* **The problem**: From the listing below, restate word for word the lines from the line containing "The Yours Mid" down through the line containing "Sitzhocker mit doppelt". Exclude pictures.
(Data for this exercise)
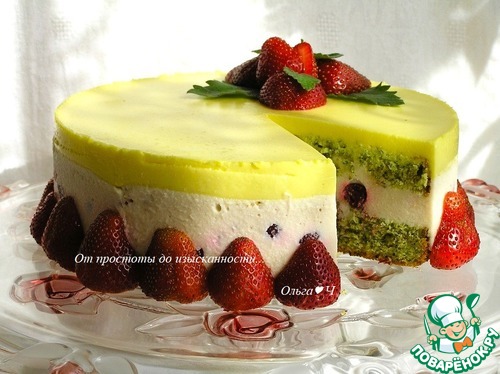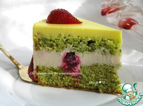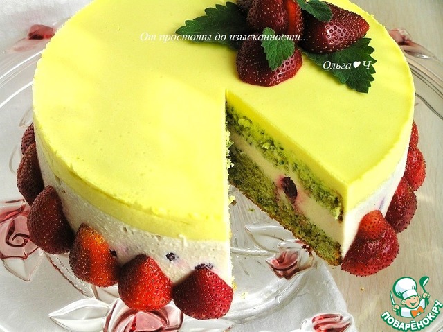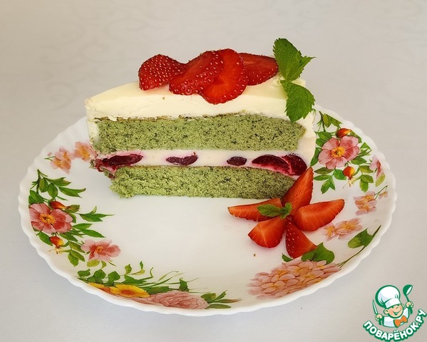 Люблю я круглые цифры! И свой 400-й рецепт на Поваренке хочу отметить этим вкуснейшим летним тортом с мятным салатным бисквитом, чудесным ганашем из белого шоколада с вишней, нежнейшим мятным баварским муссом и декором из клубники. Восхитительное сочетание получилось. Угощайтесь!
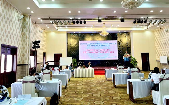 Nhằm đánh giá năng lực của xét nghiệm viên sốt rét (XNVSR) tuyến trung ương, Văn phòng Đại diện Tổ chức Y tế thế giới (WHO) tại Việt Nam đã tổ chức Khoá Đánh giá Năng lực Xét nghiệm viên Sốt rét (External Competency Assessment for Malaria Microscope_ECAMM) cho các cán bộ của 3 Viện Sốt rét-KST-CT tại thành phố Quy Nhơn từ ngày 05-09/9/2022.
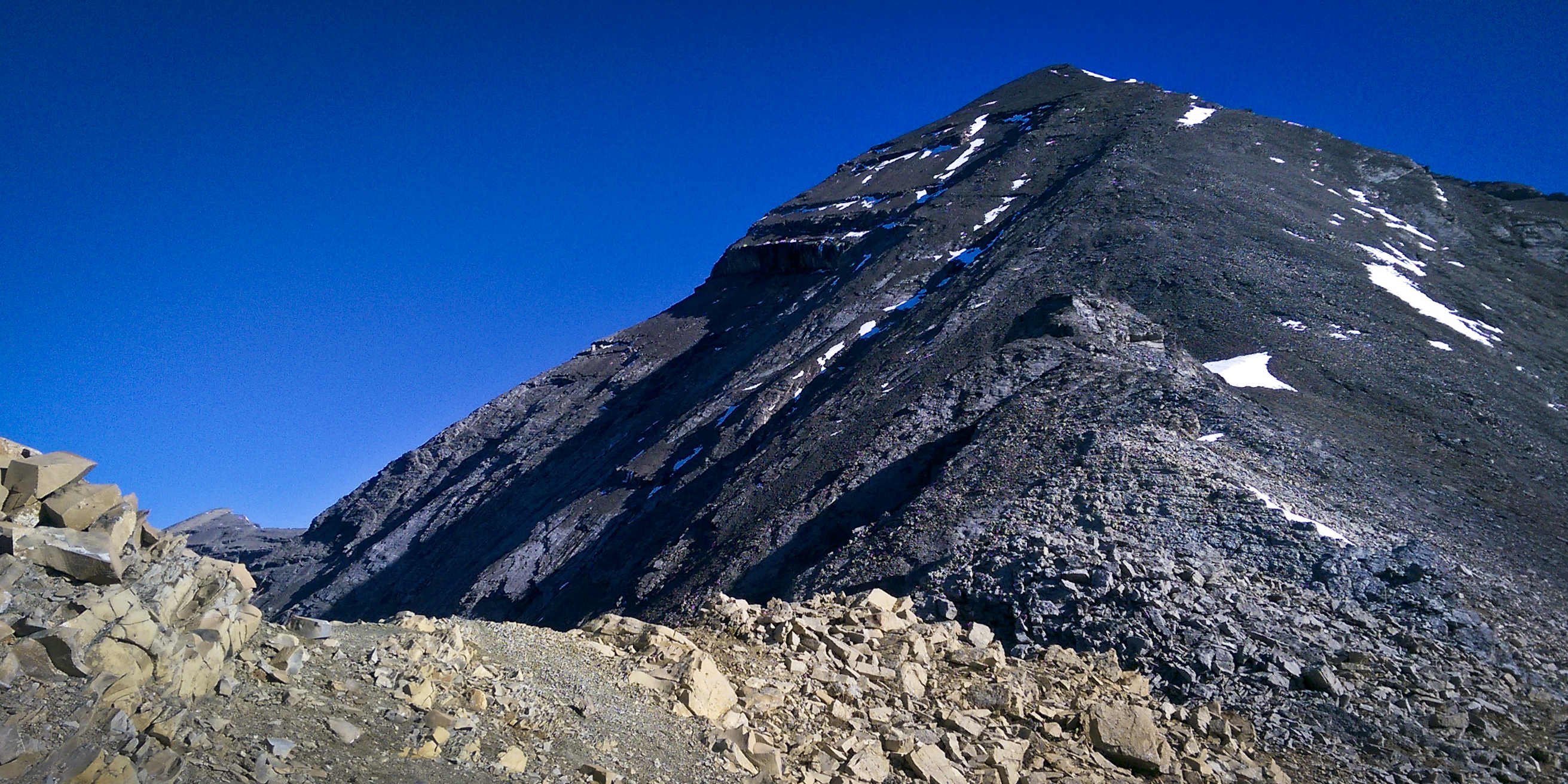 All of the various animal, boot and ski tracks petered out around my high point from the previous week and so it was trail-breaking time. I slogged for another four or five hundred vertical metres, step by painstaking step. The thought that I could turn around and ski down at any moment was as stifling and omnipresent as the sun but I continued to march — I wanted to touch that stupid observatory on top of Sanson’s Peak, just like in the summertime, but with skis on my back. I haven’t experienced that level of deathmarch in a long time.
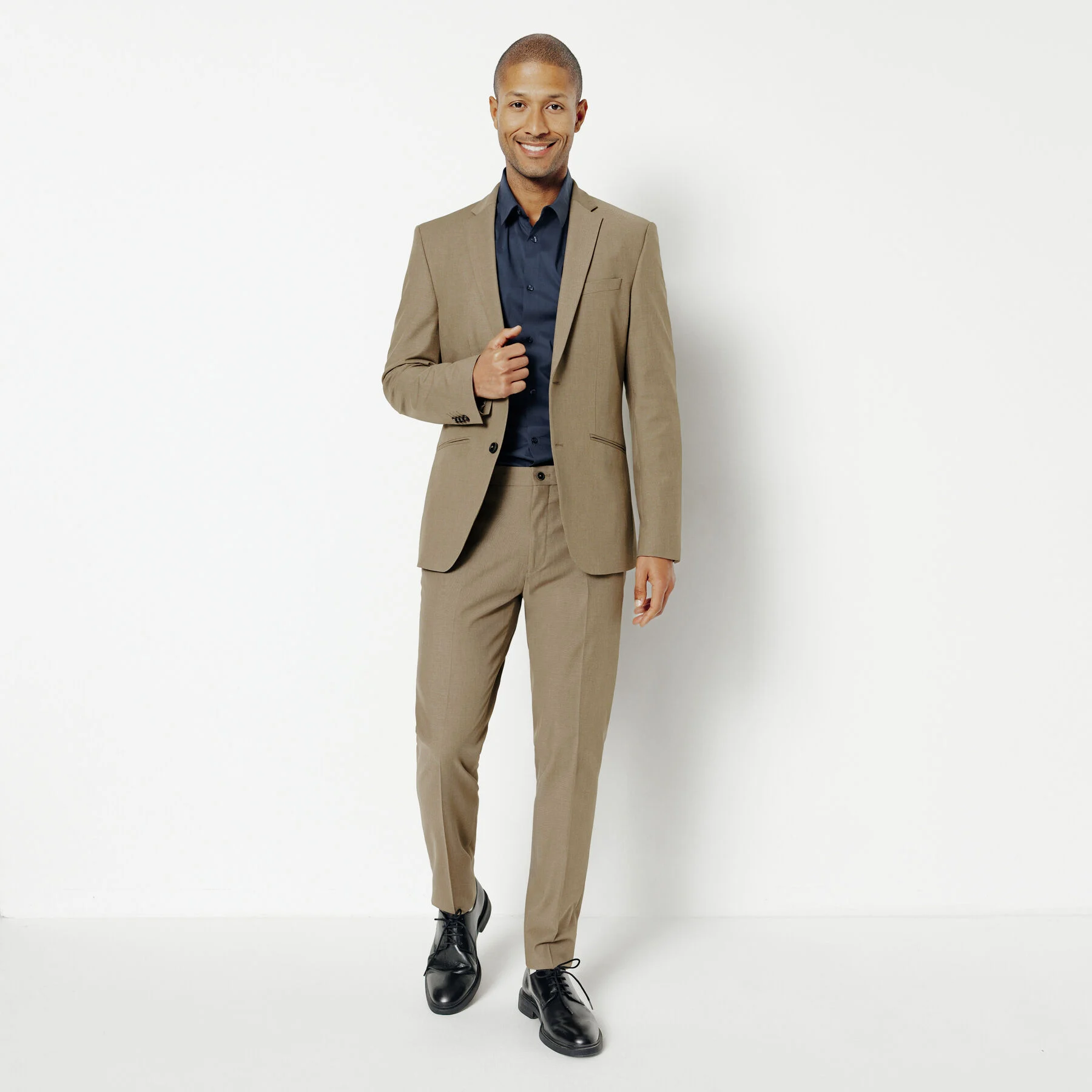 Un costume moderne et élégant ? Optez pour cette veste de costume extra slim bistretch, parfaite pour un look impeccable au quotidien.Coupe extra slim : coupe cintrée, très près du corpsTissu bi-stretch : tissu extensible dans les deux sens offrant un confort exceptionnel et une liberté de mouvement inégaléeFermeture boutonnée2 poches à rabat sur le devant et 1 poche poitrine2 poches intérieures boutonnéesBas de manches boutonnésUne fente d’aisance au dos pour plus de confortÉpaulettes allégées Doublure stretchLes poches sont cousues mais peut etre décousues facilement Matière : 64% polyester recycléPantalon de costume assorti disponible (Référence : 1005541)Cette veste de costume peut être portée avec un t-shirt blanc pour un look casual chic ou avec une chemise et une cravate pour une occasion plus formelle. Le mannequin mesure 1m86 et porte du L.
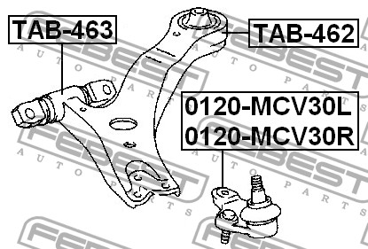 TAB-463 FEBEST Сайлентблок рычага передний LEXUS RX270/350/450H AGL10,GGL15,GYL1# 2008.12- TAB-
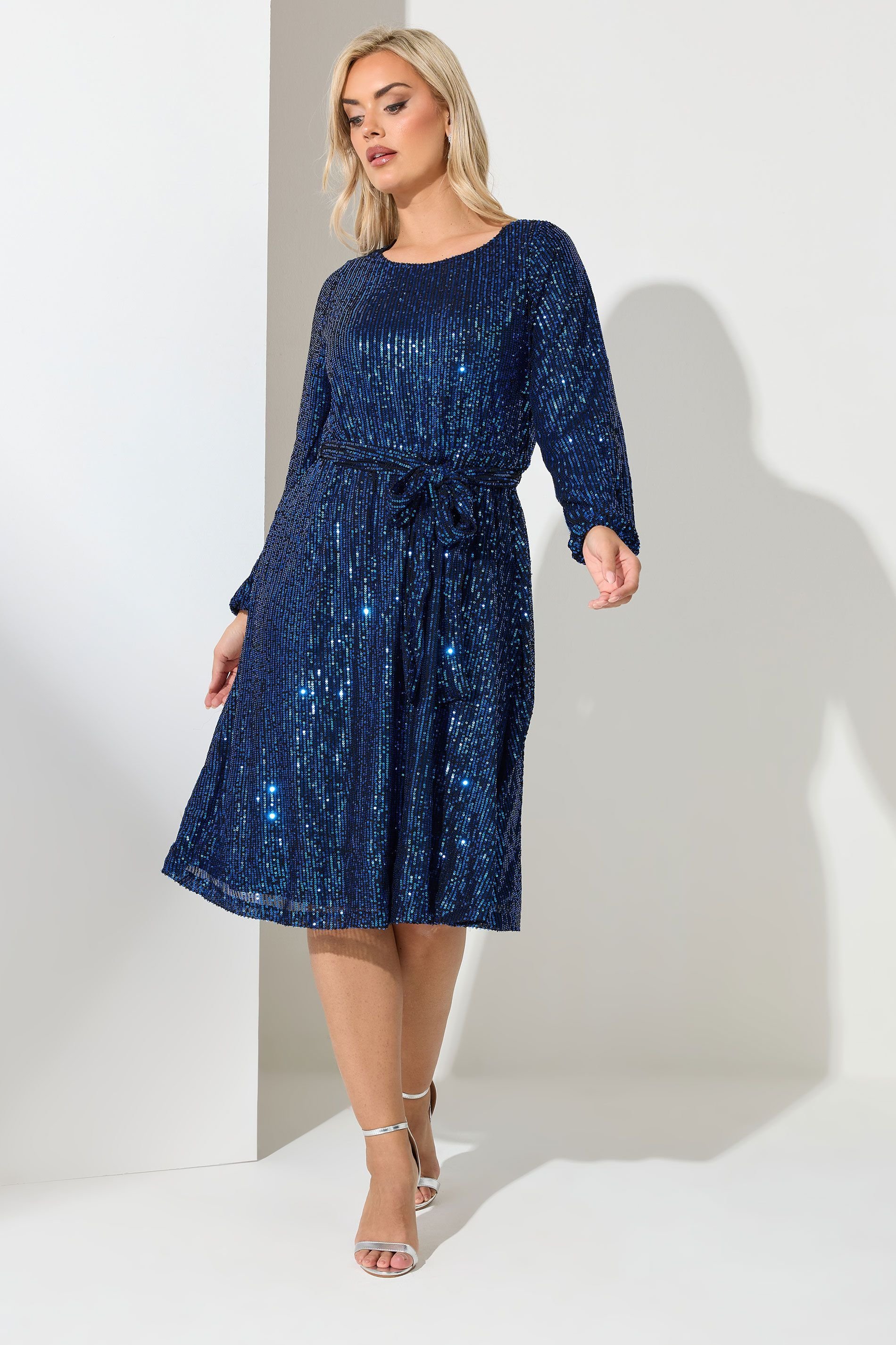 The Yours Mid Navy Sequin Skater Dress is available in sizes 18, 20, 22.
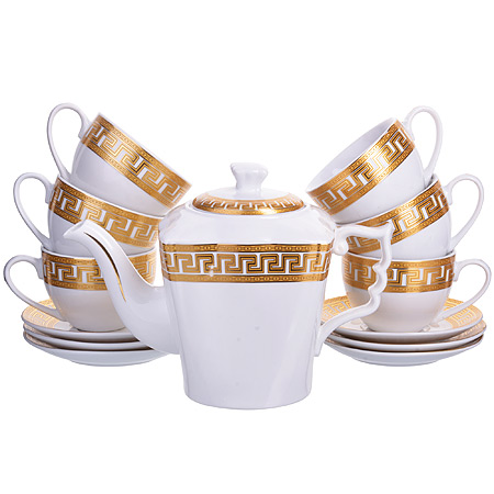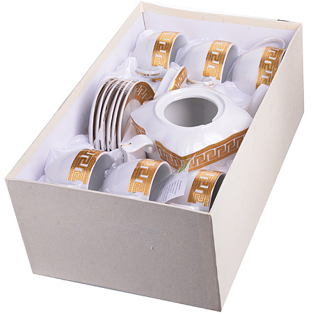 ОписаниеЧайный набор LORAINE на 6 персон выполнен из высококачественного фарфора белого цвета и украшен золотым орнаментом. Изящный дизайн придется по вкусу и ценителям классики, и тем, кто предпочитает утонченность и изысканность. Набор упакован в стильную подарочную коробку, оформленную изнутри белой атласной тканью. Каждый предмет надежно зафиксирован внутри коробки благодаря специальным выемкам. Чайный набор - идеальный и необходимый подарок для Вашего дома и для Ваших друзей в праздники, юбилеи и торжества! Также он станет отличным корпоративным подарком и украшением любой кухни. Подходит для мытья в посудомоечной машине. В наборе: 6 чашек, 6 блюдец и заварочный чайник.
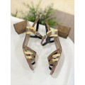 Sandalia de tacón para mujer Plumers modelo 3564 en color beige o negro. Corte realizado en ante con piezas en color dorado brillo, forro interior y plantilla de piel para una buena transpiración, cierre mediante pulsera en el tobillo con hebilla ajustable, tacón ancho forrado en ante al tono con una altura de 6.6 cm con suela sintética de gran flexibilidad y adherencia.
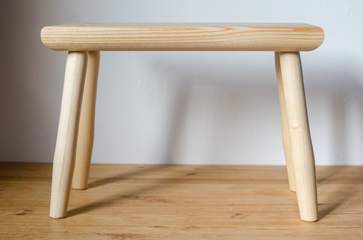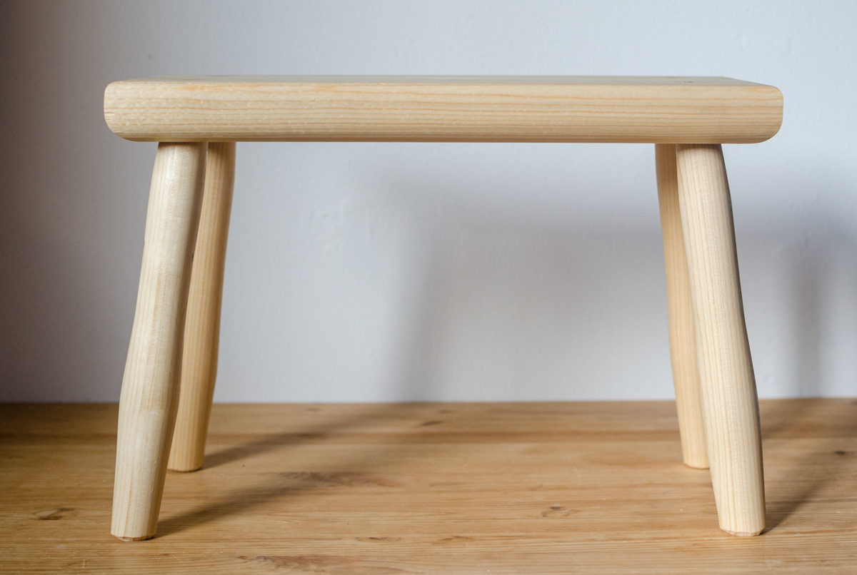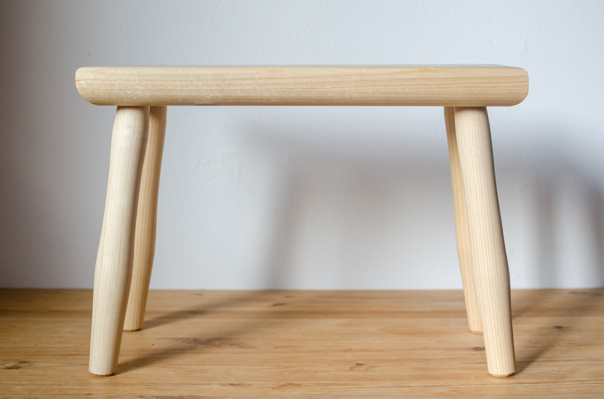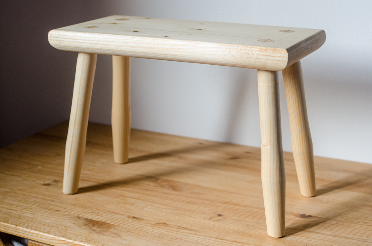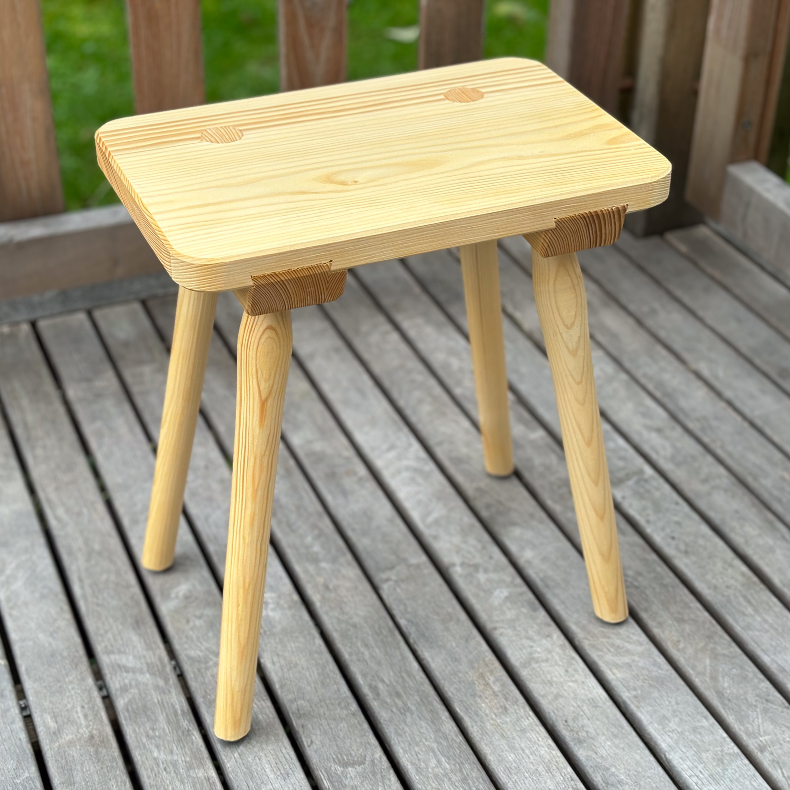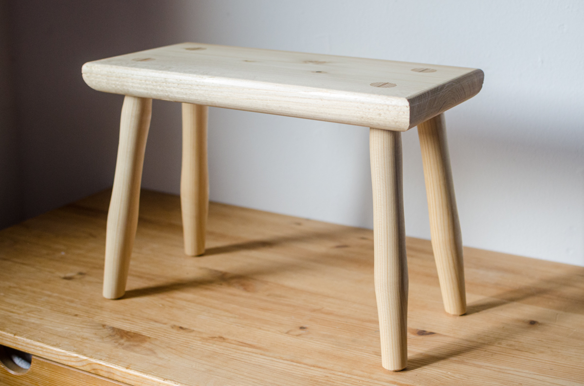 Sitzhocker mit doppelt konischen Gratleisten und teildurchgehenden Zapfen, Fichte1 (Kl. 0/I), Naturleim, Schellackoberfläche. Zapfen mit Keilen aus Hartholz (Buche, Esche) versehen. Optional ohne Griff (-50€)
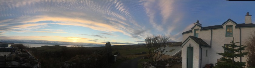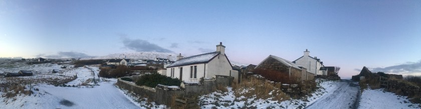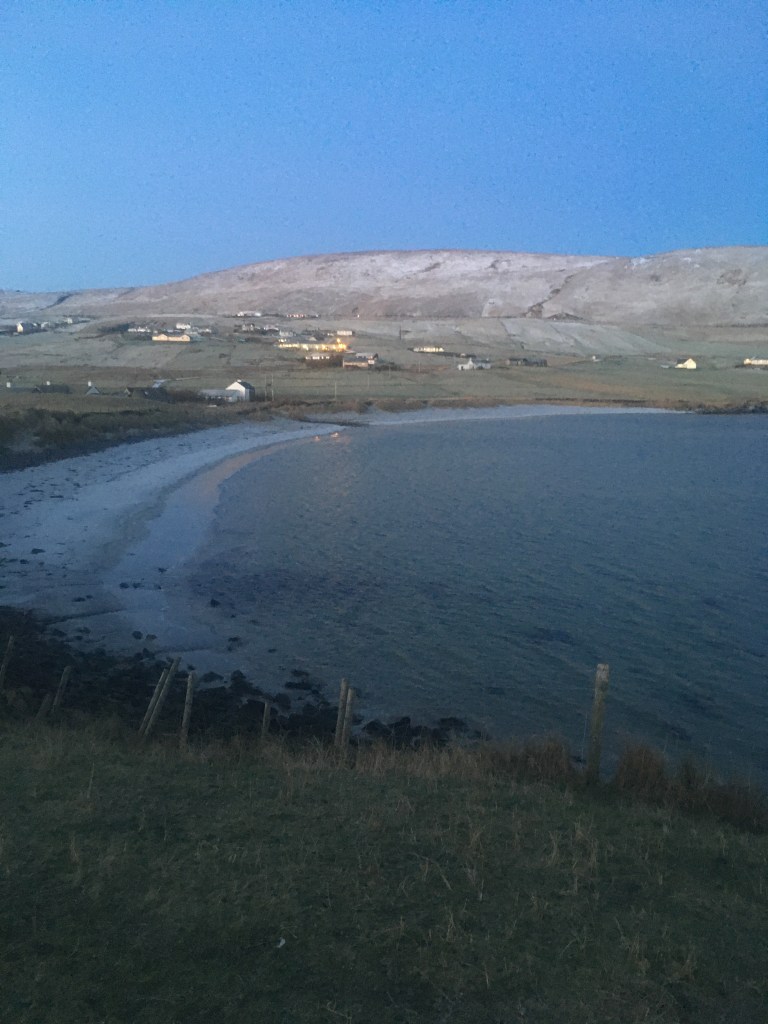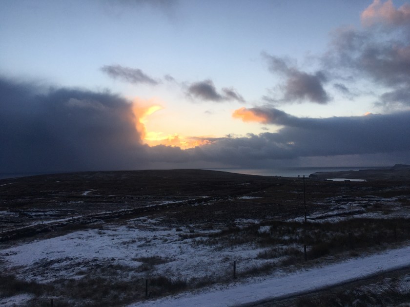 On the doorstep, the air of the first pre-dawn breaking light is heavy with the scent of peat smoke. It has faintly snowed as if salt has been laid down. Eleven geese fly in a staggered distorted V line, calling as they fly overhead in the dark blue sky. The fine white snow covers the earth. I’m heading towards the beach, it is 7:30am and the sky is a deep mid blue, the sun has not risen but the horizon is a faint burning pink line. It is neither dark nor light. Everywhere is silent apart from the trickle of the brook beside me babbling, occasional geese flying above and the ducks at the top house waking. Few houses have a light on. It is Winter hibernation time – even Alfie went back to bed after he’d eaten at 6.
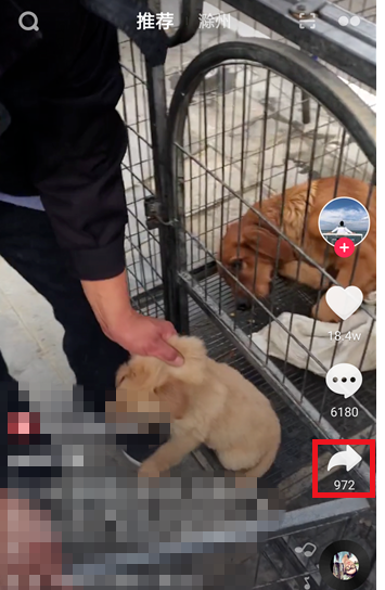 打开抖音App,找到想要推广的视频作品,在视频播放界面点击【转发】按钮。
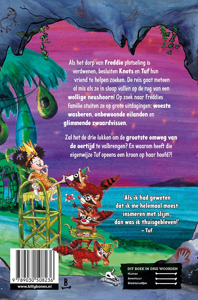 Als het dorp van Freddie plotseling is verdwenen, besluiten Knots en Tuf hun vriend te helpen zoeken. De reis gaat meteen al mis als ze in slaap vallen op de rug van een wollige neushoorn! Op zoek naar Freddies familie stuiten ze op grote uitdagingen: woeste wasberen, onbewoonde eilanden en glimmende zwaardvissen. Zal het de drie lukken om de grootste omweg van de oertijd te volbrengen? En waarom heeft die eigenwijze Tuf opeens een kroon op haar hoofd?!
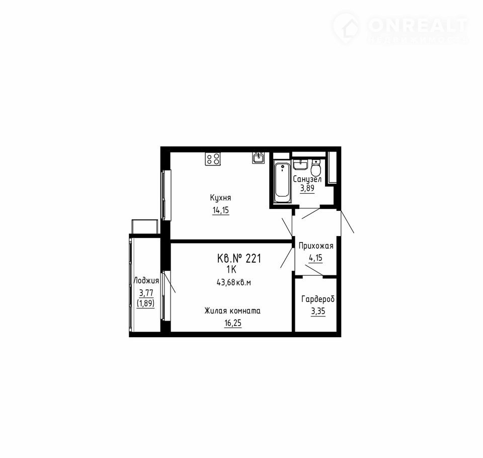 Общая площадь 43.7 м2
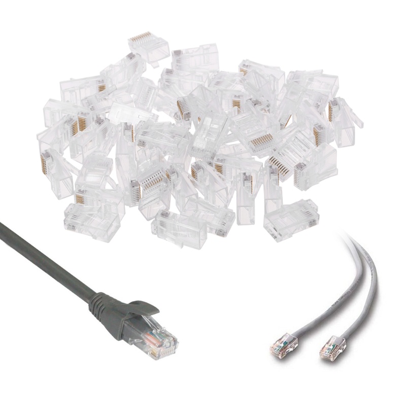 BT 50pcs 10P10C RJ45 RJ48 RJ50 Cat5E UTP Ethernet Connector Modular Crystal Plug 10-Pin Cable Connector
(End Data for this exercise)
* **Answer below**:
 The Yours Mid Navy Sequin Skater Dress is available in sizes 18, 20, 22.
 ОписаниеЧайный набор LORAINE на 6 персон выполнен из высококачественного фарфора белого цвета и украшен золотым орнаментом. Изящный дизайн придется по вкусу и ценителям классики, и тем, кто предпочитает утонченность и изысканность. Набор упакован в стильную подарочную коробку, оформленную изнутри белой атласной тканью. Каждый предмет надежно зафиксирован внутри коробки благодаря специальным выемкам. Чайный набор - идеальный и необходимый подарок для Вашего дома и для Ваших друзей в праздники, юбилеи и торжества! Также он станет отличным корпоративным подарком и украшением любой кухни. Подходит для мытья в посудомоечной машине. В наборе: 6 чашек, 6 блюдец и заварочный чайник.
 Sandalia de tacón para mujer Plumers modelo 3564 en color beige o negro. Corte realizado en ante con piezas en color dorado brillo, forro interior y plantilla de piel para una buena transpiración, cierre mediante pulsera en el tobillo con hebilla ajustable, tacón ancho forrado en ante al tono con una altura de 6.6 cm con suela sintética de gran flexibilidad y adherencia.
 Sitzhocker mit doppelt konischen Gratleisten und teildurchgehenden Zapfen, Fichte1 (Kl. 0/I), Naturleim, Schellackoberfläche. Zapfen mit Keilen aus Hartholz (Buche, Esche) versehen. Optional ohne Griff (-50€)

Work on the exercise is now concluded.